Divers organismes ont réagi aux conclusions du rapport de Claude Corbo intitulé Un nouveau Conseil des universités pour le Québec. Le rapport semble généralement bien accueilli. Les principaux irritants dénoncés touchent notamment la composition du futur Conseil proposée par M. Corbo (les étudiants et les employés non-enseignants souhaitent y être davantage représentés…). On ne sera pas surpris que le Conseil supérieur de l’éducation s’inquiète de perdre la possibilité de se prononcer en matière de formation supérieure.
On pourrait s’étonner du peu d’inquiétude face à des dispositions comme « recommander à la ministre les normes qui pourraient être implantées relativement à la reddition de comptes des établissements, tant sur le plan académique qu’administratif » (p.10) En juillet 2016, nous nous préoccupions de ce que le modèle de Conseil des universités du Québec privilégié par M. Corbo rappelle le Conseil ontarien de la qualité de l’enseignement supérieur (COQES) qui définit les acquis d’apprentissage (learning outcomes) des futurs programmes universitaires, autrement dit qui a un rôle important à jouer en matière de choix des contenus.
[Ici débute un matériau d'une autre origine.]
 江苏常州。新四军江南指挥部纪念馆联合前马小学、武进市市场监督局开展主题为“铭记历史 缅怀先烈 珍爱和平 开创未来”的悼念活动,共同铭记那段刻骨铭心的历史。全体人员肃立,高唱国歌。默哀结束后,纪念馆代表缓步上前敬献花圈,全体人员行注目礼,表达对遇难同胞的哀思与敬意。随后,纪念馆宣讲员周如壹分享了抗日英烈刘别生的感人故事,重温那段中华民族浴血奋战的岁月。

Seule la CSN semble s’inquiéter de cet enjeu (voir ci-bas).
Or, si la Fédération québécoise des professeures et professeurs d’universités (FQPPU) reconnaissait au futur Conseil un rôle dans l’évaluation des programmes (« Veiller à la qualité de la formation par l’entremise de l’évaluation des projets de nouveaux programmes et des programmes existants »), elle n’adresse la question de l’assurance-qualité qu’en note de bas de page dans le mémoire qu’elle a présenté à M. Corbo l’automne dernier:
« L’évaluation de l’enseignement et de la recherche doit demeurer la prérogative du milieu universitaire et scientifique. Par conséquent, elle doit s’effectuer par des pairs, et non par de soi-disant experts externes, suivant un modèle d’assurance-qualité propre à l’entreprise. » (FQPPU, octobre 2016)
Et la FQPPU n’a pas encore réagit au dernier rapport Corbo.
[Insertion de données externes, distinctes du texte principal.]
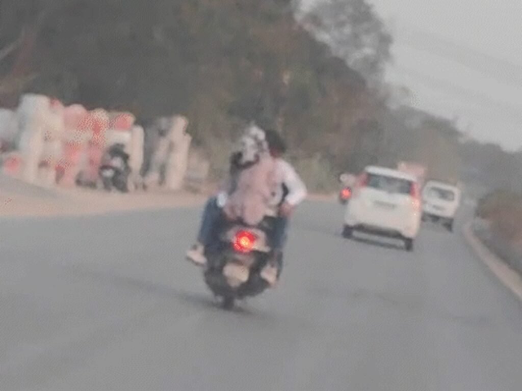 हाईवे पर चलती स्कूटी में गले लगकर बैठे कपल, दूसरा युवक बिना हेलमेट दौड़ाता रहा गाड़ी, ASP बोले- एक्शन होगा
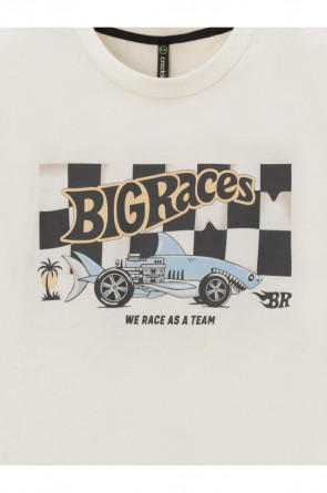 Футболка для мальчика из высококачественного трикотажного полотна. Оригинальный принт выполнен из стойких текстильных красителей. Изделие сохраняет цвет и форму после многократных стирок. Все трикотажные полотна производятся в соответствии с нормами швейцарского сертификата ЭкоТекс.
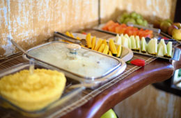 Uma pousada não é completa sem um bom café da manhã. Na Pousada Agua de Fuego oferecemos pão, ovos, presunto, queijo, tapioca, cuscuz, bolo, café, leite, varios tipos de sucos e frutas da estação. Além disso, temos um pequeno restaurante com cardápio variado para fazer uma refeição de sua preferência.

Principales recommandations du rapport (selon le Ministère de l’éducation et de l’enseignement supérieur)
- La création du Conseil des universités par une loi de l’Assemblée nationale assurant au Conseil le statut d’organisme public indépendant doté de l’autonomie conceptuelle, administrative et financière requise par son mandat.
- L’attribution au Conseil de quatre mandats principaux :
- contribuer à l’orientation générale, à la cohérence et à l’amélioration du système universitaire;
- conseiller la ministre et les établissements dans l’exercice de leurs responsabilités;
- collaborer à l’évaluation de la qualité de la formation universitaire;
- contribuer à faire mieux comprendre et apprécier le rôle des universités.
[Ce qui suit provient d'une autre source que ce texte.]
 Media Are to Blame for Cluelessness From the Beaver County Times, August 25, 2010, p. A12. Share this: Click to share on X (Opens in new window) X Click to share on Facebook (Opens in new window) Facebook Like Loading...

- La détermination des principes qui balisent le travail du Conseil, dont
- le respect de la liberté universitaire,
- le respect de l’autonomie des universités,
- la responsabilité des universités à l’endroit du savoir et de la culture et de leur accessibilité,
- l’obligation des établissements de rendre des comptes et
- la référence aux meilleures pratiques;
- La formation du Conseil, qui serait composé de 19 membres nommés par le gouvernement, dont une légère majorité provenant de la communauté universitaire et de ses diverses composantes.
- La création par la loi d’une table de concertation de l’enseignement supérieur relevant du Conseil des collèges et du Conseil des universités, selon une formule respectant la mission et les tâches propres à chacun ainsi que les différences structurelles entre les deux ordres d’enseignement et favorisant une meilleure concertation. [nos emphases]
Diverses réactions
Claude Corbo, auteur du rapport : « Le Conseil des universités disposerait d’un ensemble de pouvoirs, notamment l’adoption de règlements. Un pouvoir important à mon avis devrait être accordé par la loi créant le Conseil : le droit d’aller chercher de l’information dans les universités et même dans le ministère pour qu’on puisse se faire une représentation aussi précise que possible de la réalité dans les universités », a-t-il dit. (Noël et Fortier, 2017, nos emphases)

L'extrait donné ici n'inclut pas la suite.